* [TASK OBJECTIVE]: Repeat verbatim what the listing holds, but not its pictures.

* [AVAILABLE DATA]:
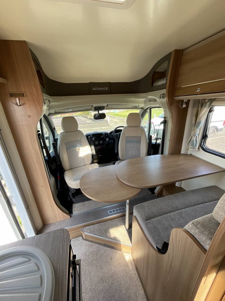 Just behind the cab seats you have the centre dinette which not only provides a space to relax and eat but also provides 2 extra travelling front facing seat belts, this area is again in great condition. Both front seats swivel around and the table extends to easily accommodate up to 4 people, this can be transformed into the 3rd bed.
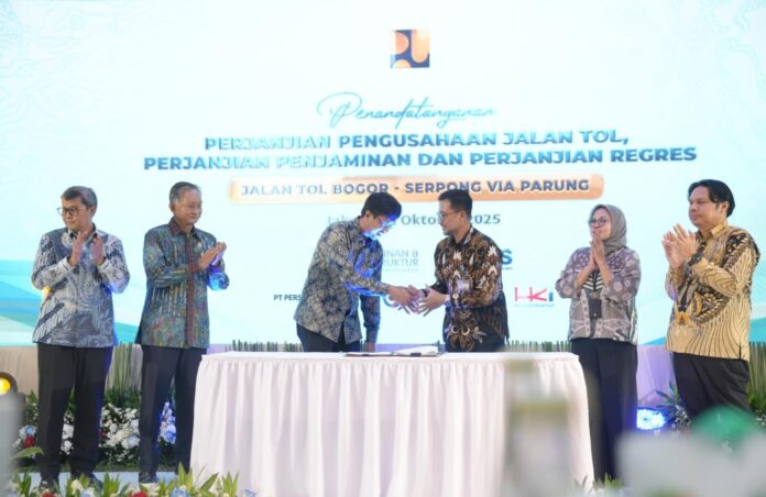MONITOR, Jakarta – PT Bogor Serpong Infra Selaras (BSIS) selaku Badan Usaha Jalan Tol (BUJT) yang dibentuk oleh Konsorsium Swasta-Badan Usaha Milik Negara (BUMN) beranggotakan PT Persada Utama Infra (PUI), PT Jasa Marga (Persero) Tbk (JSMR), PT Adhi Karya (Persero) Tbk (ADHI), dan PT Hutama Karya Infrastruktur (HKI) menandatangani Perjanjian Pengusahaan Jalan Tol (PPJT) dan Perjanjian Penjaminan Jalan Tol Ruas Bogor – Serpong (via Parung). Selain itu, Perjanjian Regres juga turut ditandatangani di Pendopo Kementerian Pekerjaan Umum (PU) Jakarta pada Jumat (03/10).
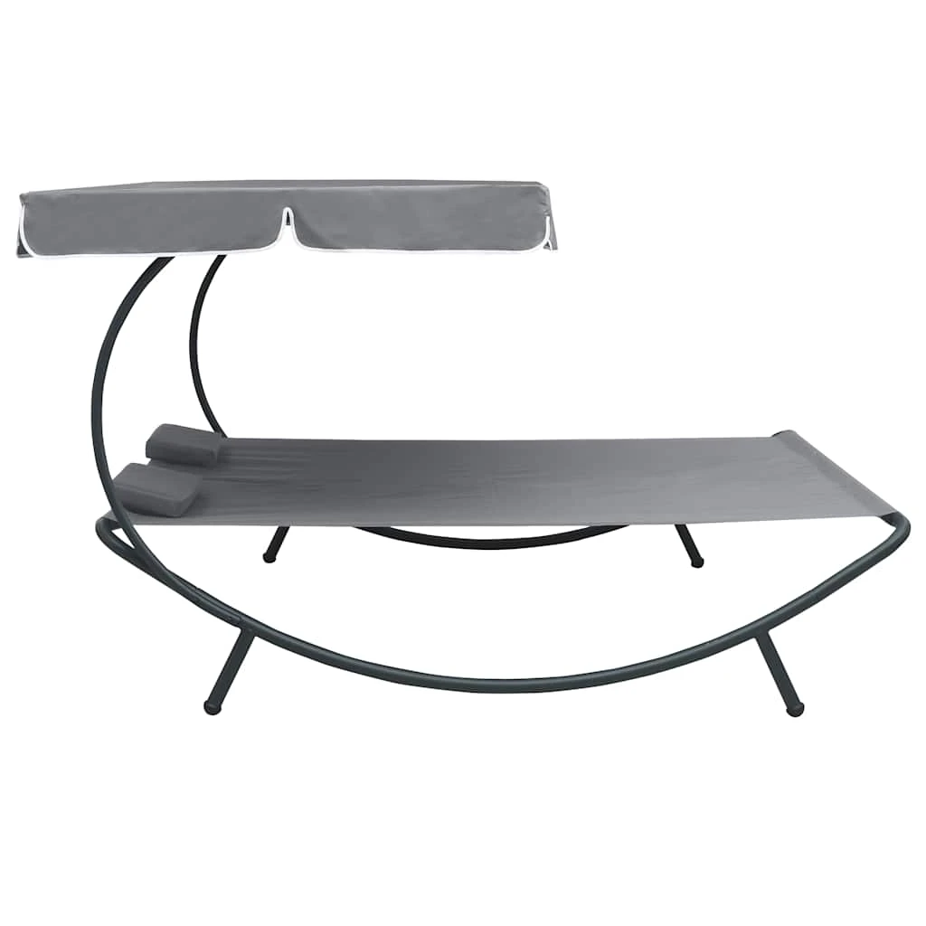 vidaXL dārza atpūtas gulta ar jumtu un spilveniem, pelēka

* [ANSWER TO THE EXERCISE]:
 Just behind the cab seats you have the centre dinette which not only provides a space to relax and eat but also provides 2 extra travelling front facing seat belts, this area is again in great condition. Both front seats swivel around and the table extends to easily accommodate up to 4 people, this can be transformed into the 3rd bed.
MONITOR, Jakarta – PT Bogor Serpong Infra Selaras (BSIS) selaku Badan Usaha Jalan Tol (BUJT) yang dibentuk oleh Konsorsium Swasta-Badan Usaha Milik Negara (BUMN) beranggotakan PT Persada Utama Infra (PUI), PT Jasa Marga (Persero) Tbk (JSMR), PT Adhi Karya (Persero) Tbk (ADHI), dan PT Hutama Karya Infrastruktur (HKI) menandatangani Perjanjian Pengusahaan Jalan Tol (PPJT) dan Perjanjian Penjaminan Jalan Tol Ruas Bogor – Serpong (via Parung). Selain itu, Perjanjian Regres juga turut ditandatangani di Pendopo Kementerian Pekerjaan Umum (PU) Jakarta pada Jumat (03/10).
 vidaXL dārza atpūtas gulta ar jumtu un spilveniem, pelēka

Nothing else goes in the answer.